## Excerpted data
============
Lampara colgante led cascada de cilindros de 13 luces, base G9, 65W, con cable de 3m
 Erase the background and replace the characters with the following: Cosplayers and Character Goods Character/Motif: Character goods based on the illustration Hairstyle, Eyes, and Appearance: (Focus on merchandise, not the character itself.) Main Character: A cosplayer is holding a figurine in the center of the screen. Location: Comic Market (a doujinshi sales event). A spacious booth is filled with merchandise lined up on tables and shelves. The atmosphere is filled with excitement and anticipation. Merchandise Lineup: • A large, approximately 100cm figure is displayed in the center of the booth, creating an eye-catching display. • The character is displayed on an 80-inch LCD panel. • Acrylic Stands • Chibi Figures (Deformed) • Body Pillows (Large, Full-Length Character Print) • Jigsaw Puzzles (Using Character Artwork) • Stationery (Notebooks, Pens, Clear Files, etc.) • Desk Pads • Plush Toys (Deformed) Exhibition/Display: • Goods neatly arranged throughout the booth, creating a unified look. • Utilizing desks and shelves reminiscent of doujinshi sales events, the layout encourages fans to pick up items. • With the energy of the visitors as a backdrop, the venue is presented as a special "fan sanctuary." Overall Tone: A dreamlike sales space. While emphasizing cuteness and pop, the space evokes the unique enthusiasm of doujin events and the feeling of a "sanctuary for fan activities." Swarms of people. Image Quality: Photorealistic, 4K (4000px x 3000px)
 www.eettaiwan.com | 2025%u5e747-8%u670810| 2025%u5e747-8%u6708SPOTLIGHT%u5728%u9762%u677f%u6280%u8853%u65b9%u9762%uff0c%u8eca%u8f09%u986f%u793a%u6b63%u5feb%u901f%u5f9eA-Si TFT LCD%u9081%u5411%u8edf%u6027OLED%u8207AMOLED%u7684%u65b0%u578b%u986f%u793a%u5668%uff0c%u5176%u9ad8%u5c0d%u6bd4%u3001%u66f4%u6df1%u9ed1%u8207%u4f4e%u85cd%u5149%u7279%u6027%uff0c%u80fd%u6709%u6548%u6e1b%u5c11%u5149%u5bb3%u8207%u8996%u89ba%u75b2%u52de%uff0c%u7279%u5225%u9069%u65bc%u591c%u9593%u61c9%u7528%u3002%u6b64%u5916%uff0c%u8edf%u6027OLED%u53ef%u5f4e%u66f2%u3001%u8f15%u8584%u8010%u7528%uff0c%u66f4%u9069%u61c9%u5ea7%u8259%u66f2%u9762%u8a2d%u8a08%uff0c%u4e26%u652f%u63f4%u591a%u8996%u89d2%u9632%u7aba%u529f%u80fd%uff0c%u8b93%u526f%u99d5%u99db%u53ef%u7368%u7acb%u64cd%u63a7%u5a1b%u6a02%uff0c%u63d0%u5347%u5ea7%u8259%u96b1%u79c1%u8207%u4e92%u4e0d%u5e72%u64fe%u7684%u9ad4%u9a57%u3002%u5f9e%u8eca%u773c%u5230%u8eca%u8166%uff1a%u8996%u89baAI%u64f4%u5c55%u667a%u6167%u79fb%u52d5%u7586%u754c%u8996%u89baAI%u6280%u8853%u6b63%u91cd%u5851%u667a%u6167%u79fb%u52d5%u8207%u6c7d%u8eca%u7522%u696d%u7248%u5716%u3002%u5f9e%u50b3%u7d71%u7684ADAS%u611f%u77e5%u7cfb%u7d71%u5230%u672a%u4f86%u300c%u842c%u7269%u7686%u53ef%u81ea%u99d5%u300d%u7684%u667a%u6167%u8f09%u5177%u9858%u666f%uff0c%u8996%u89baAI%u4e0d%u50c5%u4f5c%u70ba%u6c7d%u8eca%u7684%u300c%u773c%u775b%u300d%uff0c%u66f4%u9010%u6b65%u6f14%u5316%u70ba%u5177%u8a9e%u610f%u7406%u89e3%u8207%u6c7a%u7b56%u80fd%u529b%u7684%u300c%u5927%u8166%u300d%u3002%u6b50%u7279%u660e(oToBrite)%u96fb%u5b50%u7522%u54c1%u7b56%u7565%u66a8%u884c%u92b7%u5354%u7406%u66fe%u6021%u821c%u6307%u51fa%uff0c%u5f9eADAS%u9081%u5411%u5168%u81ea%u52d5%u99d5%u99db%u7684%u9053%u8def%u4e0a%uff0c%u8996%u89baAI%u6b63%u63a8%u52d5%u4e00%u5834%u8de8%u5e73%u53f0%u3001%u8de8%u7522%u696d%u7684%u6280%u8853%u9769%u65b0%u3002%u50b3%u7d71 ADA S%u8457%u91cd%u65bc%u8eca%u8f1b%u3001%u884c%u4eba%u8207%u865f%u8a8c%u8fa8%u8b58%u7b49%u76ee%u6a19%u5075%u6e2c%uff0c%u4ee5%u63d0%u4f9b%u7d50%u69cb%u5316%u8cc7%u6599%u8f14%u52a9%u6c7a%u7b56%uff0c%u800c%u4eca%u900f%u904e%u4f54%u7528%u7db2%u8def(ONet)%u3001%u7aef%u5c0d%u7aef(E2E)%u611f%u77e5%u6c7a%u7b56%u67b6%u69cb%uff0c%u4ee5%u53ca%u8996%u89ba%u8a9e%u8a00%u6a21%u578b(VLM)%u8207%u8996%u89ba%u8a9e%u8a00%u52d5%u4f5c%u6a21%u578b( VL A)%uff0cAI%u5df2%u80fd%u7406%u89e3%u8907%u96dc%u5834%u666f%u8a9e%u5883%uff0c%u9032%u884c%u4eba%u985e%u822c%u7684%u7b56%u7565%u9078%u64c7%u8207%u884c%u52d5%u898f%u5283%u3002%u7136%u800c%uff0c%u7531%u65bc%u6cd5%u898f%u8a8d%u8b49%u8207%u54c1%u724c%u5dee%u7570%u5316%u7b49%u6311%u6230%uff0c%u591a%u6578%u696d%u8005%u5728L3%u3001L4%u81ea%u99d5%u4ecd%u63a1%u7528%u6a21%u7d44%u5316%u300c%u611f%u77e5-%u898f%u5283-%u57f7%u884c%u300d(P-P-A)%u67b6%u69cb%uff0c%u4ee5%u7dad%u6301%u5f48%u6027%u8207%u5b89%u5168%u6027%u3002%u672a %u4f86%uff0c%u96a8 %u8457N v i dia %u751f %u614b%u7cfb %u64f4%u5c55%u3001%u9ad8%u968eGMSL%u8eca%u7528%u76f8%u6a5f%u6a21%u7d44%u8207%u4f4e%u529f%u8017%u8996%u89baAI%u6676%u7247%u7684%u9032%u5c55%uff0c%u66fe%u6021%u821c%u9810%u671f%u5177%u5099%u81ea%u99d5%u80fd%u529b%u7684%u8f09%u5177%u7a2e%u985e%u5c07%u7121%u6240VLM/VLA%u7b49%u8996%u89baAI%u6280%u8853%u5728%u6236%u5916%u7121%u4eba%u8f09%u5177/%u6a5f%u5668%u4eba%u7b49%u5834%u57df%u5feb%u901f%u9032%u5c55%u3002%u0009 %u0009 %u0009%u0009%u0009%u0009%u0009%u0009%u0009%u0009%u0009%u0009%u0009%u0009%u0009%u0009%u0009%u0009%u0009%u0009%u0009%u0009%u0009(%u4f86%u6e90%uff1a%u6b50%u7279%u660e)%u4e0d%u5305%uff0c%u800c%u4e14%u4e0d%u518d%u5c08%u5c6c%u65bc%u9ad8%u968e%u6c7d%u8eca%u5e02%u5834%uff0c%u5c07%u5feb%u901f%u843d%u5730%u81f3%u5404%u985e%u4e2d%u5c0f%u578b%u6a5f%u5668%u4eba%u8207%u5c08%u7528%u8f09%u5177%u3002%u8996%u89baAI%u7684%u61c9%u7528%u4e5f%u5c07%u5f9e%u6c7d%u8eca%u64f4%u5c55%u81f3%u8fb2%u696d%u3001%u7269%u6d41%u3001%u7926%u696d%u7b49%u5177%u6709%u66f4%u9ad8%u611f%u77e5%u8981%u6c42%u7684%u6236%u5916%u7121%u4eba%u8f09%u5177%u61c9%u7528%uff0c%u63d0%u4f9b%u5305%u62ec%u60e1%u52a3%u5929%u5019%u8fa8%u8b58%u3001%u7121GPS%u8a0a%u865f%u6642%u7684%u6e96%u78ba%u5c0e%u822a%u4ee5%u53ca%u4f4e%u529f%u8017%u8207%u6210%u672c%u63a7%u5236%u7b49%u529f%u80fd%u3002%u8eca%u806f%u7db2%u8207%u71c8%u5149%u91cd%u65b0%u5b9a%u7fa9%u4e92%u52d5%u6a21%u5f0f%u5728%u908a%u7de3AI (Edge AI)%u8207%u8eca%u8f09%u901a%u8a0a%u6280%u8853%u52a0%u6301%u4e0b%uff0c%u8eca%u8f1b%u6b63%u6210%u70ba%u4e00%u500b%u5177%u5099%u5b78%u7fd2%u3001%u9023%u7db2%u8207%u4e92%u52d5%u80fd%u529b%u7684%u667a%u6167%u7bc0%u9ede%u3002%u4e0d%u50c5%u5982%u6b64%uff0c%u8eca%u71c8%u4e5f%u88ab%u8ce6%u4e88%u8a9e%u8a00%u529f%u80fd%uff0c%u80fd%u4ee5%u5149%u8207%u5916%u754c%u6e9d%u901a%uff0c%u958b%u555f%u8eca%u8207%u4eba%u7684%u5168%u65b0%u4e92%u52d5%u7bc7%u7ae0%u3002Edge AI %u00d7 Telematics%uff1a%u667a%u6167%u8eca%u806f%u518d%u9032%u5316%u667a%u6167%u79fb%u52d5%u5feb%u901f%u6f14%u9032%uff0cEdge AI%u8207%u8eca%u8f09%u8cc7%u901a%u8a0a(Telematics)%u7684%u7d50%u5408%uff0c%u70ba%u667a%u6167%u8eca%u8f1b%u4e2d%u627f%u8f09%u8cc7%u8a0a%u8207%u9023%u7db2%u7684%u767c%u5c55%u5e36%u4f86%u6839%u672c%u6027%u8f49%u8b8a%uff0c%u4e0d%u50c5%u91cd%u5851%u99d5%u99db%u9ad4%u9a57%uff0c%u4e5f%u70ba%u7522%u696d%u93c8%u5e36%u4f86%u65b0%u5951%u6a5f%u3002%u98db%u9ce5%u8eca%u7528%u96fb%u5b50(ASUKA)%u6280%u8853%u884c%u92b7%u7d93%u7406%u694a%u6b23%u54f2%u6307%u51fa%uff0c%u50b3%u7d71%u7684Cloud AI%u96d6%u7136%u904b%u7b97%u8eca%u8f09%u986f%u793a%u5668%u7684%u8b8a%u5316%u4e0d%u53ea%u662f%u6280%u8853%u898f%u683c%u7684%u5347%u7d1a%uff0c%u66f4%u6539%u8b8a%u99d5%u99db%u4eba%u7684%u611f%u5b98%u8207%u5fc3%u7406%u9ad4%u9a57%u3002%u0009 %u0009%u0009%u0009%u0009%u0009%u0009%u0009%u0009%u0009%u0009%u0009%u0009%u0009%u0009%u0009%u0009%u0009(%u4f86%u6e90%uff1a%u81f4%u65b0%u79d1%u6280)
============
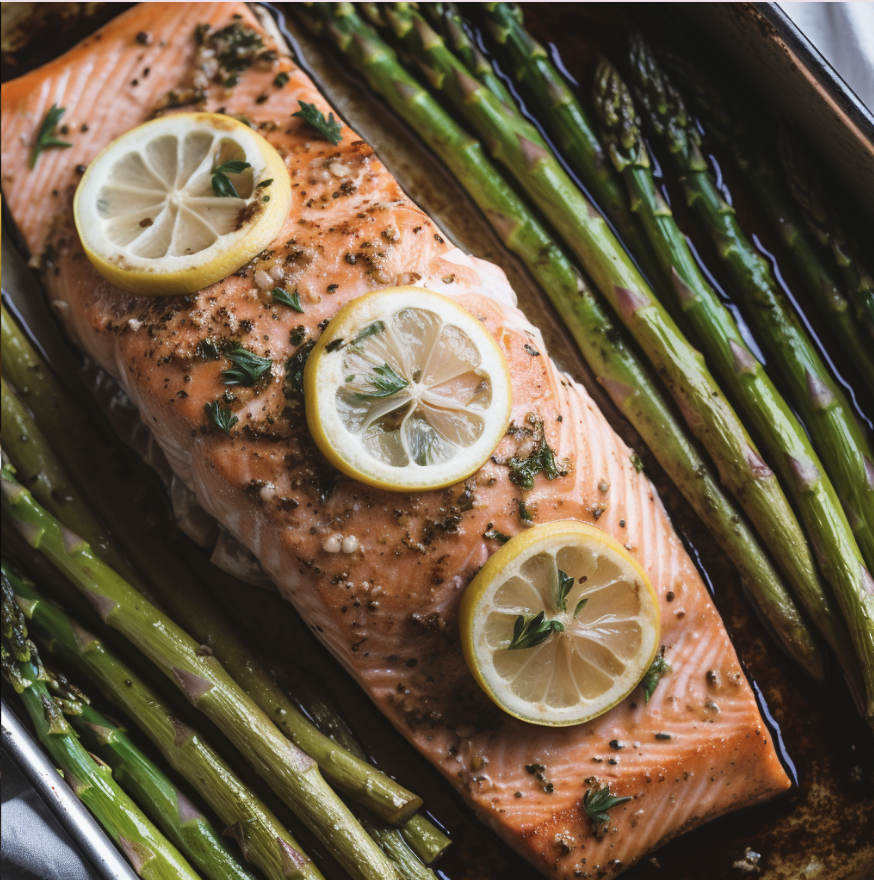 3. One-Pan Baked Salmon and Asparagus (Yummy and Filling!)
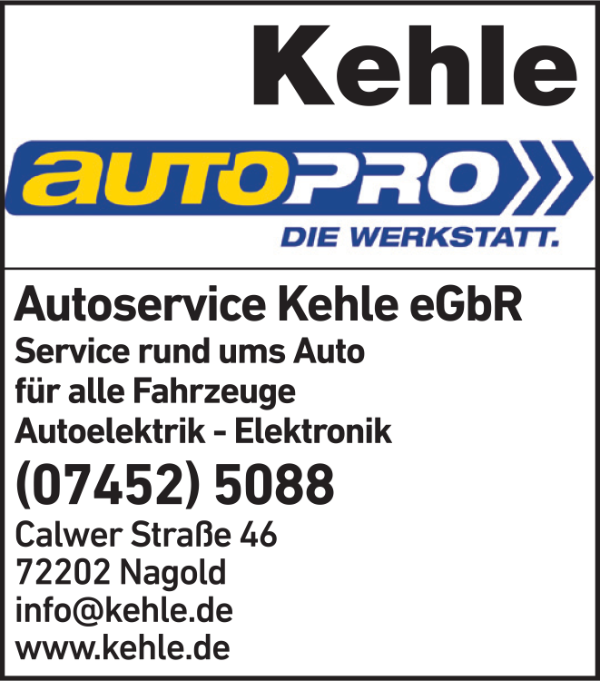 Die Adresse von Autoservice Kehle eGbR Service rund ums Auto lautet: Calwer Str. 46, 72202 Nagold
============
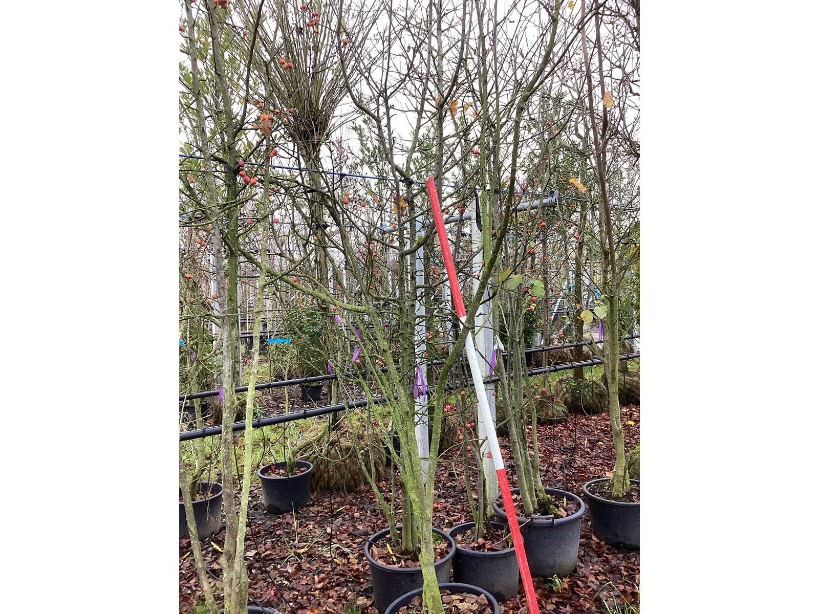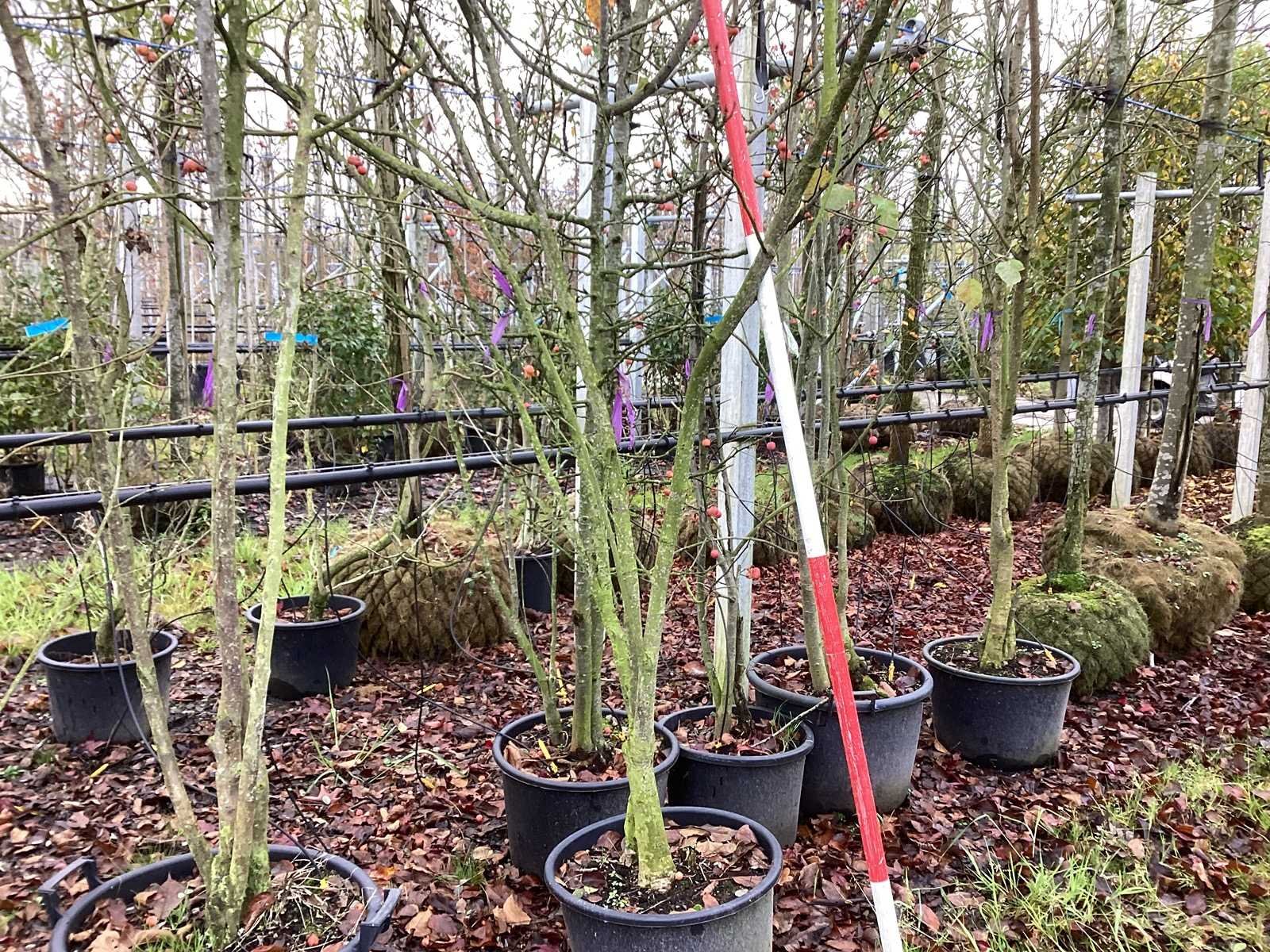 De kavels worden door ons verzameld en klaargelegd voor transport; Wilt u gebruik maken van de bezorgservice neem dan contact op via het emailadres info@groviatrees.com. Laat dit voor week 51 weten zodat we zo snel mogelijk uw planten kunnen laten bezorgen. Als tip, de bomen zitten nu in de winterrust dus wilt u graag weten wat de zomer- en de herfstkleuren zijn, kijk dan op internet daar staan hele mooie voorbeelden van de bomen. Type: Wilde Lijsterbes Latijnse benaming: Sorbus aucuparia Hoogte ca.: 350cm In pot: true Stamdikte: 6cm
============
## Work item
Return exactly the part of the listing above that opens with the line containing "3. One-Pan Baked" and closes with the line containing "Die Adresse von". Pictures stay out.

## Solution to this problem
 3. One-Pan Baked Salmon and Asparagus (Yummy and Filling!)
 Die Adresse von Autoservice Kehle eGbR Service rund ums Auto lautet: Calwer Str. 46, 72202 Nagold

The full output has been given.